* **ASSIGNED TASK**: Repeat verbatim, and only, the lines of the data below, beginning at the line that contains "Eglo Suspension luminaire" and stopping after the line that contains "Plug socket charging".

* **DATA PROVIDED**:

☆ ☆ ☆ ☆ ☆

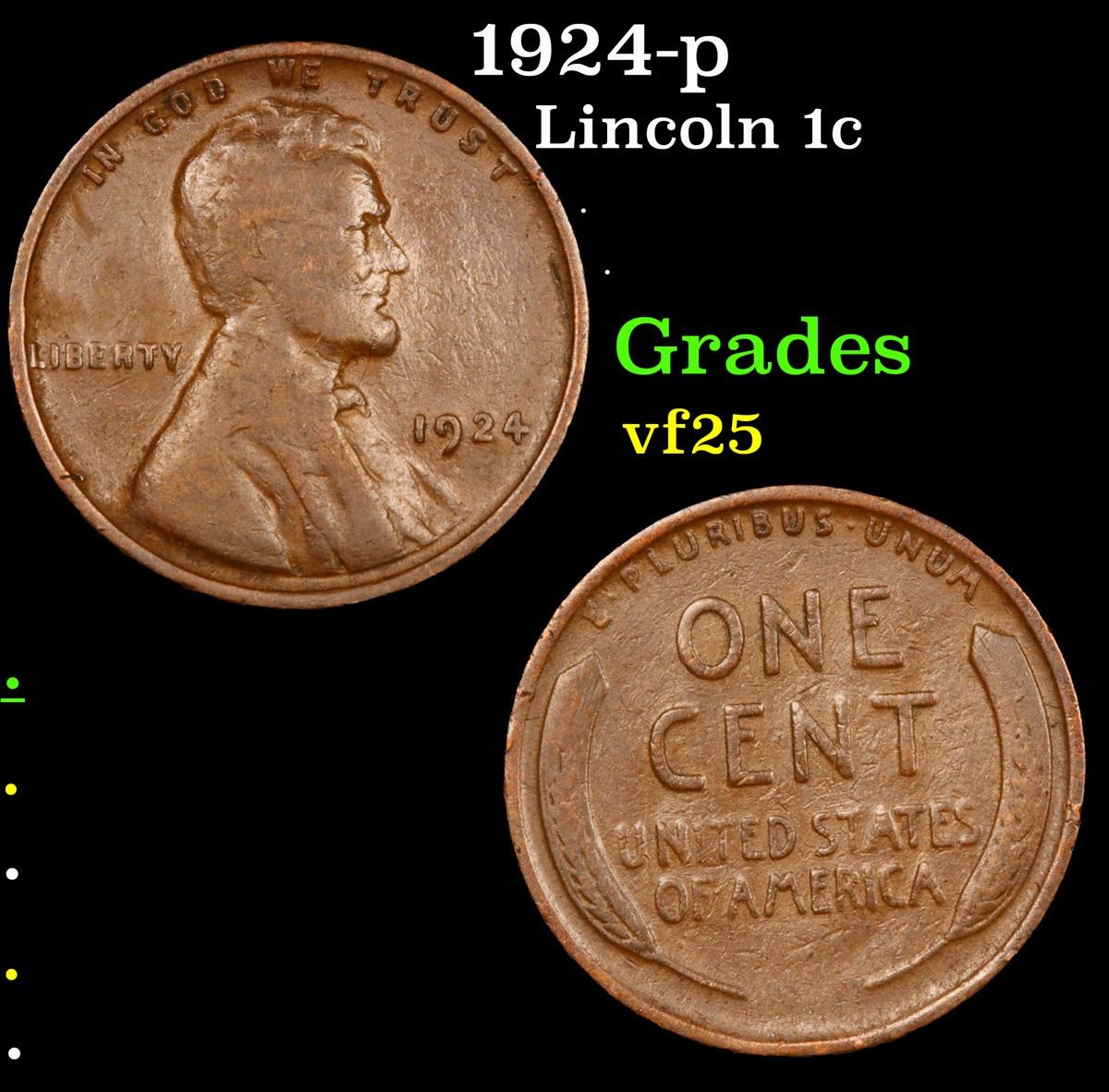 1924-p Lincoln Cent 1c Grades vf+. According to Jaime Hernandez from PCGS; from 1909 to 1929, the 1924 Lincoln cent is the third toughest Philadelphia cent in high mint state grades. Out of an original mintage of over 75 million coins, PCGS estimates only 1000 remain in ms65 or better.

☆ ☆ ☆ ☆ ☆

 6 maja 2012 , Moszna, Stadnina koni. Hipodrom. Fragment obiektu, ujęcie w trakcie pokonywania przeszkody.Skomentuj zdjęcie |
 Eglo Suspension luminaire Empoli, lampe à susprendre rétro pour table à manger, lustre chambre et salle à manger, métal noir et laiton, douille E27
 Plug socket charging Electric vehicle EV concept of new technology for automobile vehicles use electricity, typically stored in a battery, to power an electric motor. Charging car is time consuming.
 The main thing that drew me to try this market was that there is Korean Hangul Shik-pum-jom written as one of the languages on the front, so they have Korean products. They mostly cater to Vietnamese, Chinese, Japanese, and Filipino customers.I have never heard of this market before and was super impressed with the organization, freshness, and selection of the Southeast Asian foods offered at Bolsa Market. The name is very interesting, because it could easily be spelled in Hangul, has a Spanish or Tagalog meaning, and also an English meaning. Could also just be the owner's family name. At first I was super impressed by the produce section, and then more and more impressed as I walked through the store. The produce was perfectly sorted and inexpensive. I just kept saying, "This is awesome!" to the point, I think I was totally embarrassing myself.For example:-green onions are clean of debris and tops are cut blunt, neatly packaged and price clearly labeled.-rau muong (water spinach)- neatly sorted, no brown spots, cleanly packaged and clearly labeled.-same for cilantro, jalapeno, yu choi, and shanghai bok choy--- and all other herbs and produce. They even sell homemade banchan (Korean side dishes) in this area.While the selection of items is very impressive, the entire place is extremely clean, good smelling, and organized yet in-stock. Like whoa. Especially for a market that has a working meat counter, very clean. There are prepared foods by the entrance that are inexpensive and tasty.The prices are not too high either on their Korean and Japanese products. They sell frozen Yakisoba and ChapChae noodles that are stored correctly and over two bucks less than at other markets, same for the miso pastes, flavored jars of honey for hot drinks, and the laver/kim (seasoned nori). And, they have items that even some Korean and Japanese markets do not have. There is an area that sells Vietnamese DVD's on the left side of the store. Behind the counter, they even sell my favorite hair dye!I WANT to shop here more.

☆ ☆ ☆ ☆ ☆

* **ANSWER SPACE**:
 Eglo Suspension luminaire Empoli, lampe à susprendre rétro pour table à manger, lustre chambre et salle à manger, métal noir et laiton, douille E27
 Plug socket charging Electric vehicle EV concept of new technology for automobile vehicles use electricity, typically stored in a battery, to power an electric motor. Charging car is time consuming.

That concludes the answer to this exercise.